We'll be there as long as it's on a weekend.


----------



## Lego&Jacub (Jul 18, 2006)

Definitely on a weekend... I work M-F... blah!


----------



## lizziebellie2007 (May 25, 2008)

Me too...:doh:

Is there any lakes there or is it just a dog park?

Is there a chance of a Muskegon get together too??  I saw your pictures from last year and the water looks gorgeous.


----------



## Lego&Jacub (Jul 18, 2006)

oh there's a huge pond in the middle of the Lansing Park... the dogs have a blast.
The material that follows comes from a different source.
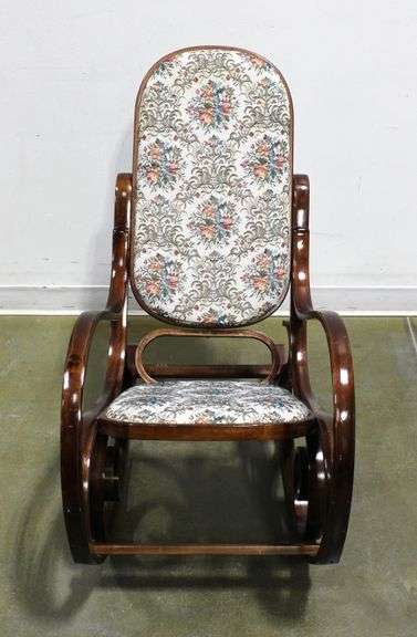 Bentwood rocking chair with patterned seat and back.
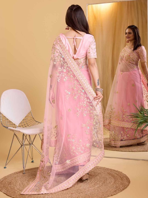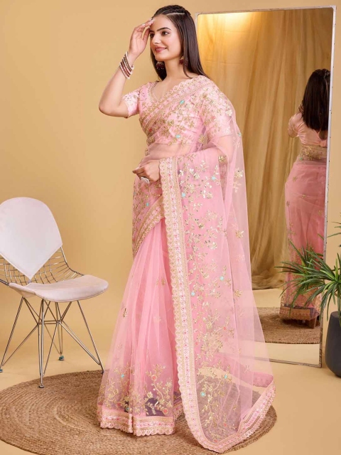 Mandara Floral Embroidered Net Saree

Of course, they're cutting the park in half... so we'll have to see what it's like now.

I do believe that Monomer is going to do a Muskegon thread at some point for a meetup in July-ish.


----------



## lizziebellie2007 (May 25, 2008)

Hopefully Lizzie and I can do both...


----------



## breec3 (Jan 7, 2008)

I am going on a motorcycle trip with my dad, July 8th through the following weekend so that would not be a good time for me at all, but if everyone can work around that weekend I am all for it. The first weekend is the fourth of July weekend so that probably would not be a good weekend either. So if it would be the last two weekends of July I would be able to go


----------



## lizziebellie2007 (May 25, 2008)

BUMP!!

Is anyone still hoping to meet up in Michigan again soon!?!


----------



## Lego&Jacub (Jul 18, 2006)

We're still interested... but it's a ways for us and we have to cross the border (which is always a hassel)... so we're hoping more ppl would be interested. Guess everyone is too busy =(


----------



## sophiesadiehannah's mom (Feb 11, 2007)

i am willing to meet, sunday's are the best for me.


----------



## marshab1 (Aug 28, 2006)

I'm going to be on vacation for the next 2 weeks so for us it will have to be after that. But then we would love to.


----------